# wrongful death suit against silverleaf seaside - galveston



## TUGBrian (Jan 3, 2014)

http://setexasrecord.com/news/293191-broker-wants-montgomery-co-to-hear-timeshare-death-suit

have to hear more details to form an opinion on this for sure...


----------



## csxjohn (Jan 4, 2014)

These kinds of suits make me laugh but they're not funny.  The guy knows his room is 3 flights up and it's someone else's fault that he goes up and down a couple times and his heart wears out?


----------



## jejones3329 (Jan 4, 2014)

I am confused on whether there thru RCI or Silverleaf as does mention having bought at Conroe which would probably be Silverleaf's Piney Shores . As for the stairs , I looked and RCI does not warn about stairs there. If one did not know before arrival and could not be given a different unit then I can see where they would push themselves to do more then they should. Silverleaf has not had any non - presidential units at Seaside that dis not require stairs. They are in process of building a lodge with elevators and they do now offer help with luggage.


----------



## jejones3329 (Jan 4, 2014)

Earlier dated article mentions complaint of buying at Conroe instead of Galveston, Conroe resort does have easier access so not clear how that would fit in with the wrongful death suit. 



https://setexasrecord.com/news/2921...-facility-for-late-husbands-fatal-head-injury


----------



## dougp26364 (Jan 4, 2014)

I'd like to think there's more to this than is in the article. If it's just there was no elevator, the some responsibility has to be on the plaintiff. Otherwise every building in America is going to need to put in elevators if the buildings are greater than one story. 

Did they request and low floor? Did they request an accessible room? Are there documented lies by a salesman? Why didn't he rest between carrying suitcases?


----------



## Patri (Jan 5, 2014)

Or the wife carry them. Yes, a sad case, but accommodations should be cleared before accepting a trade. I hope to take my folks to a resort this summer, but called the resort directly to ask about handicap accessibility.
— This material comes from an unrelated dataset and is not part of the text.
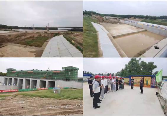 最后,同学们来到本次实习行程的第八和第九站——尚在建设中的位山引黄闸和陶城铺闸,在现场人员的详细介绍和引领参观,同学们了解到近年来由于黄河下游河道河床持续冲刷下切,相同流量下河道水位降低,对引黄涵闸引水能力产生了不利影响,这也是两闸纳入黄河下游引黄涵闸改建工程的原因。建成后位山引黄闸和陶城铺闸将担负着聊城境内农业灌溉和补充地下水资源的任务,并为境内工业、生活、生态用水提供重要保障。

We will get the same unit which was deposited, and while the view is not what we hoped, it is at ground level, which is more important.


----------



## Hophop4 (Jan 5, 2014)

We don't know if they were on a RCI exchange or SL.  It looks like they bought a week at Piney Shores and I am guessing maybe a Lodge Unit which restricts you with SL to get a Presidential Unit.  If they exchanged with RCI they could have traded into a Presidential and have the elevators.  Seaside is in the process of construction on a new Lodge Bldg with elevator.   I think everyone should be aware of their limitations and do your research on stuff like this.


----------



## vacationhopeful (Jan 5, 2014)

The GUEST at any lodging NEEDS to open their mouth and SAY, "I need help." I have ONE resort where there are ONLY under 5 or few units without elevator access to a 2nd floor unit. I have been asked "Do I need help getting my luggage to the unit and building?"  I have been asked when I arrive without a car and the unit is located over pavers, a couple of steps, and a good block away from the front desk, if I need assistance..  The staff would have in BOTH cases send a maintenance team member to assist me.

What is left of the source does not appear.